The hospital social worker called the birth mother. She began prodding her decision to have her child adopted. She suggested that she believed her husband was abusive and even asked if she was "safe" in her home. She insisted the birth mother meet with her. The birth mother refused. The social worker then threatened that she would not approve of the adoption.

After being alerted to this by the birth mother, our attorney confronted the social worker. Clearly, they did not see eye to eye. Our attorney’s final words were that she felt, as a former adoptions social worker herself, that the hospital social worker needed to "BACK OFF"! She also noted that the birth mother had told her that she was considering obtaining a restraining order against the hospital social worker if she were to give her any further grief.

The social worker also contacted the birth mother’s OB/GYN. After a discussion similar to the one she had with our attorney, the doctor concluded the conversation by stating that the birth mother "is an adult" and that the social worker needed to "BACK OFF"!

That was the last anybody heard from the hospital’s social worker.

Money
A birth mother can ask for modest assistance from the adoptive parents for costs incurred during the pregnancy. The requests must be approved by the court. Our birth mother submitted only very small requests. Our attorney made it clear that she would only bring such requests once Janelle and I took legal custody because she refused to flirt with the appearance of "baby selling." A month or so after Brayden was in our home, our attorney took the request to the court.

The Hospital
Brayden was born one day later than what I had hoped for. He was born on a Thursday, which meant that the 48-hour wait-time would expire sometime on Saturday. This obviously meant that our attorney wouldn’t be able to get a judge to sign the papers giving us legal custody until the following Monday.

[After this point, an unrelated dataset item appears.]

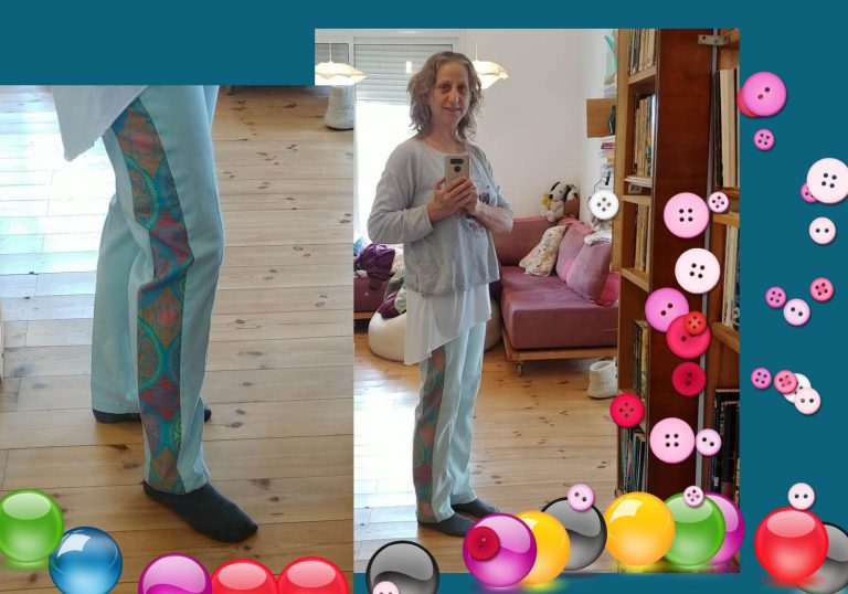 לקינוח, הנה מה שהזכרתי לי יום – שאני אוהבת לתפור ושבא לי מכנסיים אבל לא סקיני, אז מצורפת תמונה של התוצר הגולמי שמחזיר אותי לחיוכים שלי – הרחבתי את המכנסיים הסקיני הצמודים החונקים והפכתי אותם למשהו נוח להפליא (כמו שעשיתי בשנות ה-70 אבל בלי להרחיב למטה יותר מדי) ועכשיו מצחיק לי, נוח ומחוייך, ואולי פתחתי אופנה חדשה 😀
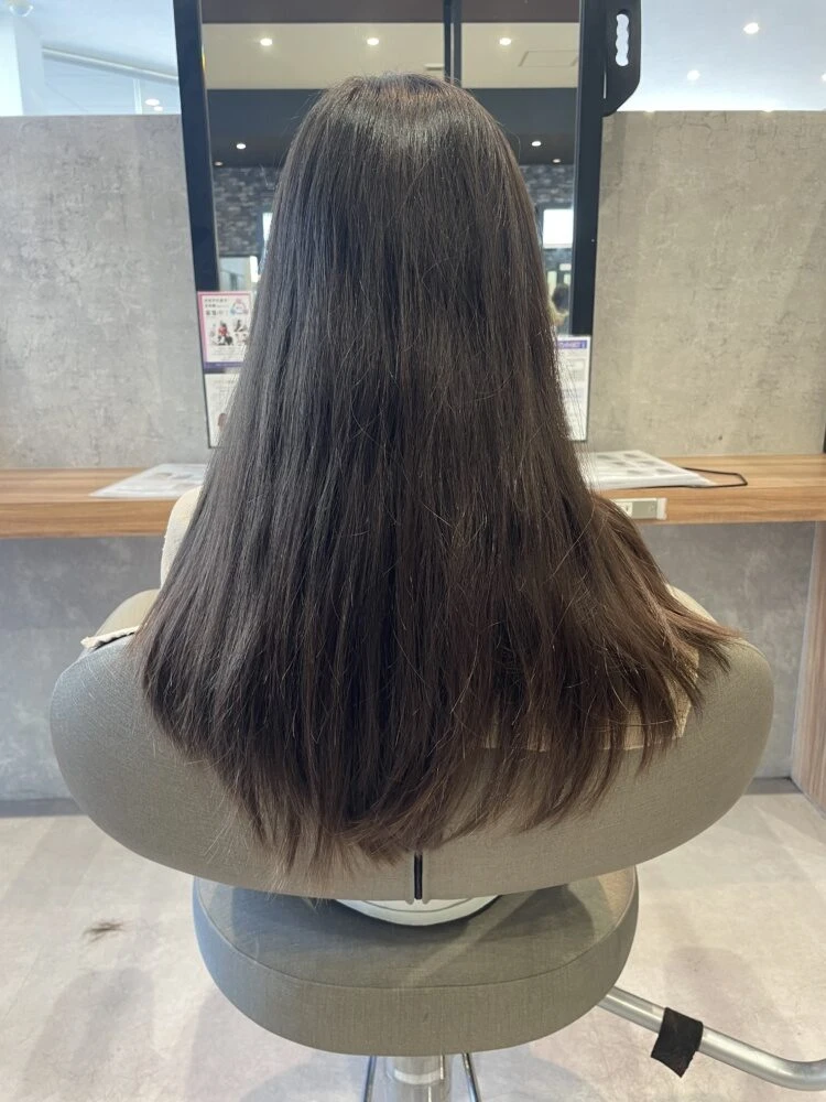 多毛で膨らむので毎回すいて貰っていたそうです。 根元の方に10センチ位まですいた髪の毛が沢山あり、長いのに軽くなっている為、毛先の量はほとんどない感じでした。 これ以上、毛量を減らしても解決にはならないので、今の状態を説明して縮毛でご来店して頂きました。

It was a long weekend. But in retrospect, it was one of the best weekends of my life. Janelle and I were alone with Brayden for nearly four days. Nurses attended to our every question. It was frustrating only showing him off through a window to the nursery. But, it was probably nice to not have the distractions of lots of company and visitors. We received our child less than a minute after his introduction to earth. We helped clean his little body. We named him. We figured out how to spell the name we gave him. We were the first to feed him, the first to get spat upon. And we were the first to hold him close. We held him and held him and held him. We looked at him with adoration. We longed for the few moments every couple of hours when he would actually open his eyes. When we got stir crazy we bought him presents in the gift shop. We took turns going to local stores to buy him outfits and "onesies." We sang to him. We rocked him. We prayed over him and we thanked God for him.

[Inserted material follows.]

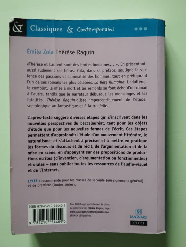 Bon Etat de conservation couverture de "Thérèse Raquin" défraîchies intérieurs propres
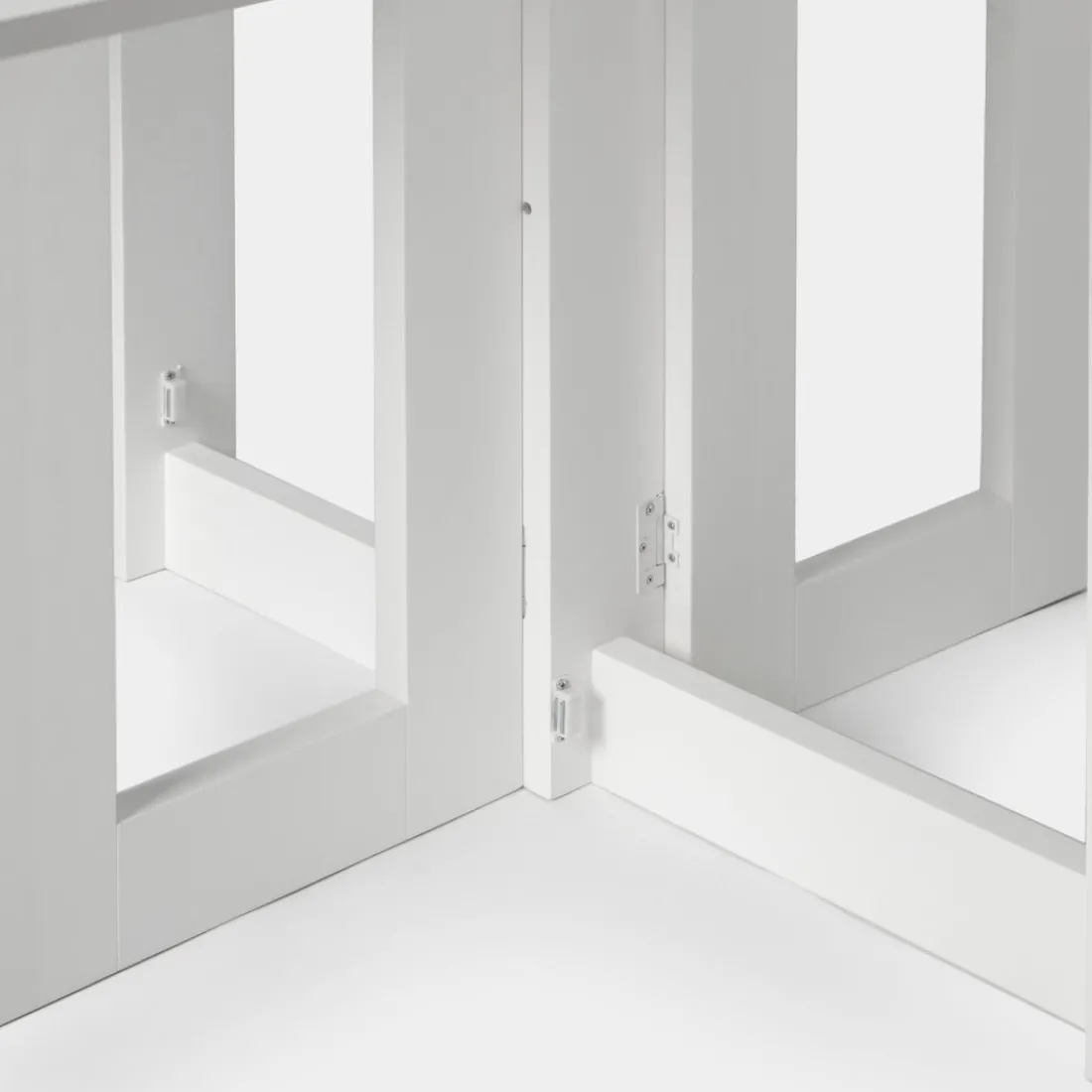 La mesa plegable rectangular blanca Anika es la mesa ideal para espacios pequeños, ya que cuenta con un sistema que permite aprovechar al máximo el espacio. Puedes tenerla totalmente plegada a modo de consola, a mitad desplegar a modo de mesa compacta para 3 personas o completamente abierta a modo de mesa para 6 personas. Incluye dos tiradores para facilitar su manipulación, pero si quieres una mesa más minimalista puedes optar por no colocarlos.

On Sunday I left the nursery for a few minutes to get a cup of coffee. I noticed the biological father talking with Brayden’s delivery doctor. As I approached, I couldn’t help but hear him say that his "wife was doing great and that she felt very good about the child’s new parents." After I interrupted, he told me his wife was recovering well and that she was getting her tubes tied that morning. I left them alone to finish their conversation.

At Home
We brought Brayden home on the Monday following his birth. Our attorney met with the judge and got the papers signed. We presented them to the hospital, which then authorized his release.

Technically we have been Brayden’s guardians since that time. The adoption is only final following a "post placement study" by a social worker, the subsequent report to the court, and an appearance in front of the judge.

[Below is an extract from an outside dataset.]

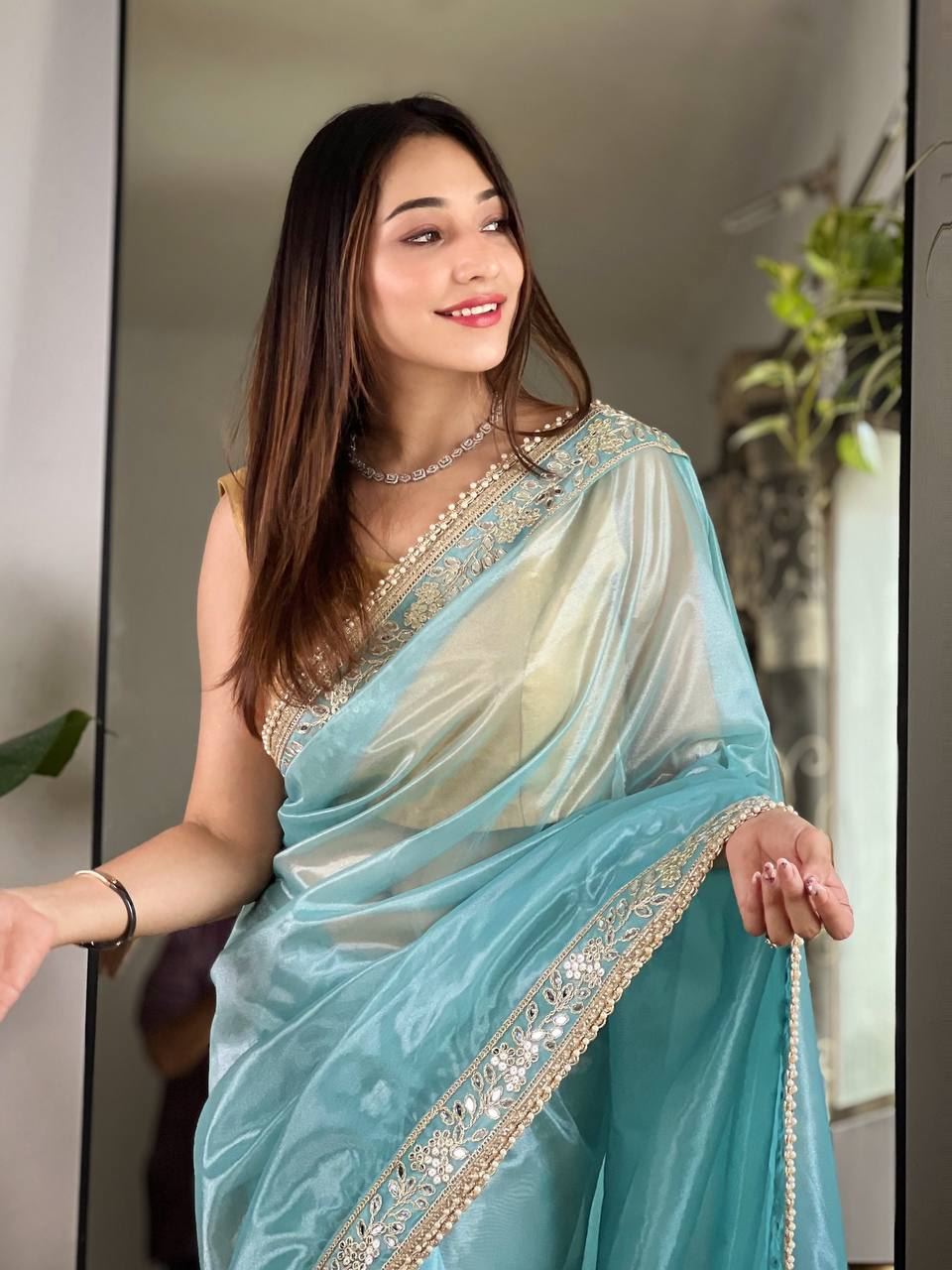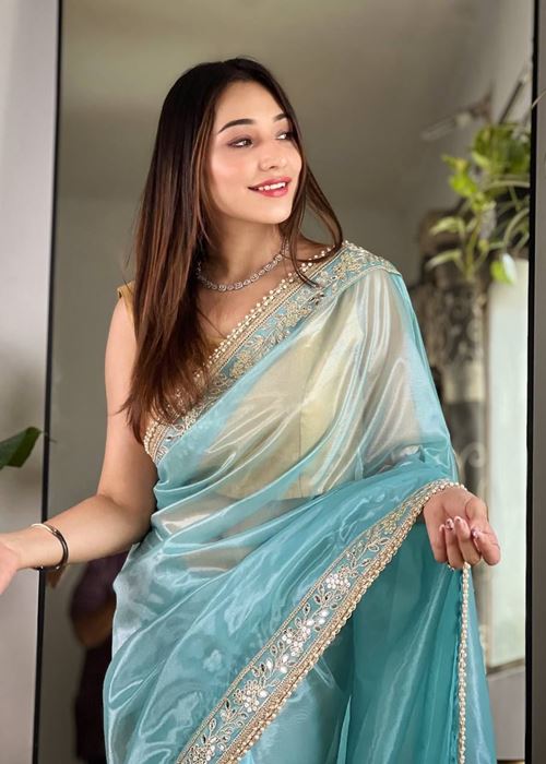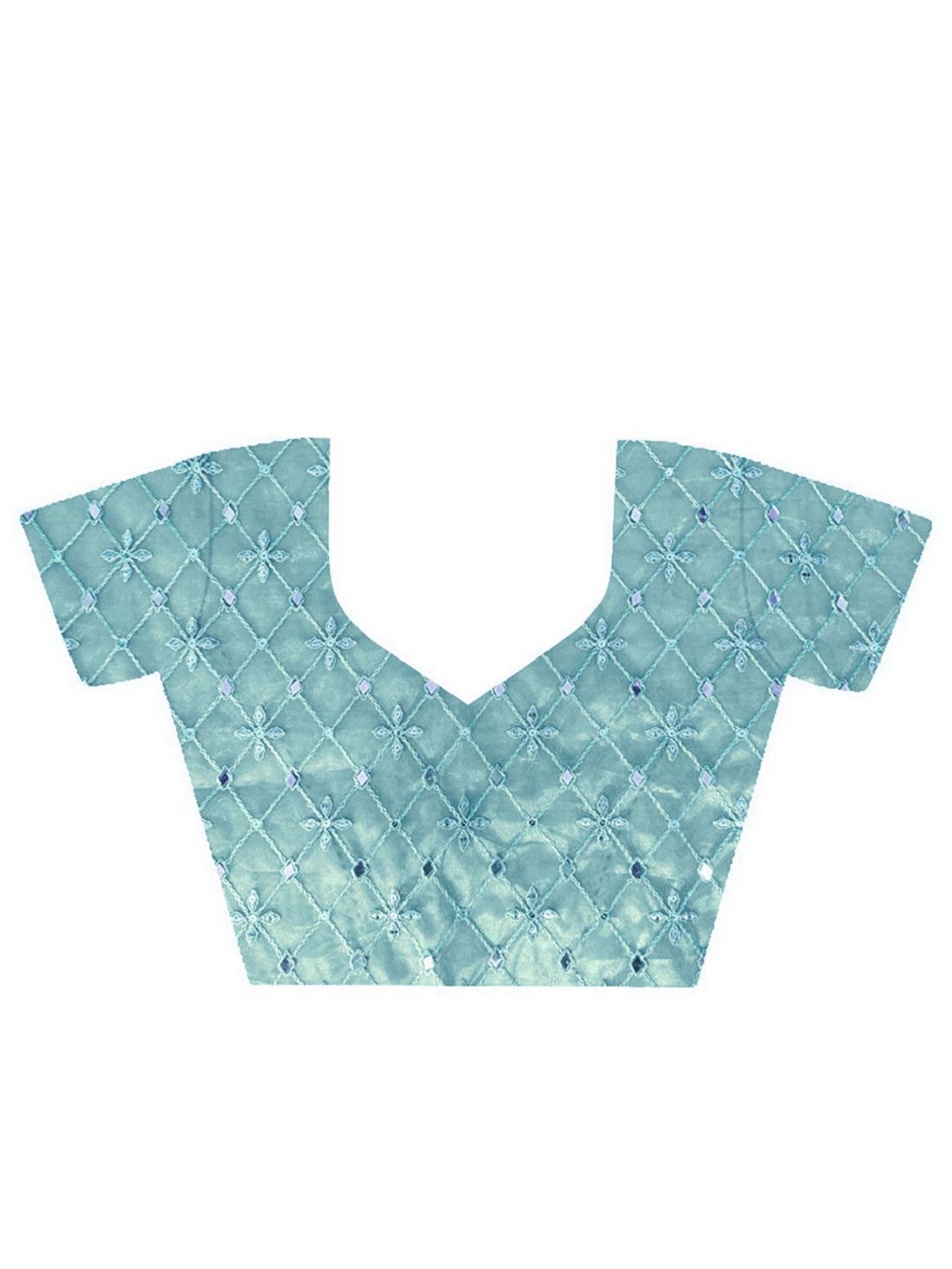 Sky Colour Silver Tissue Silk Embroidery And Mirror Work Saree

On December 14 we are scheduled to appear before the Pierce County Superior Court. Our post-placement study went well. Brayden is getting along wonderfully. He’s gaining weight like a college freshman on a dorm-food diet. Janelle is on leave from her job until February. Dakota knows not to come near him (she prefers dehydrated pig snouts). Tia can’t stand him. He only cries when we sit down for dinner. And our friends and family spoil him rotten.

Parenthood is Great
As I write this, I have circles around my eyes. Partially they are from sleep depravation; partially they are from reflecting on our experiences and the blessings Brayden has brought to our lives.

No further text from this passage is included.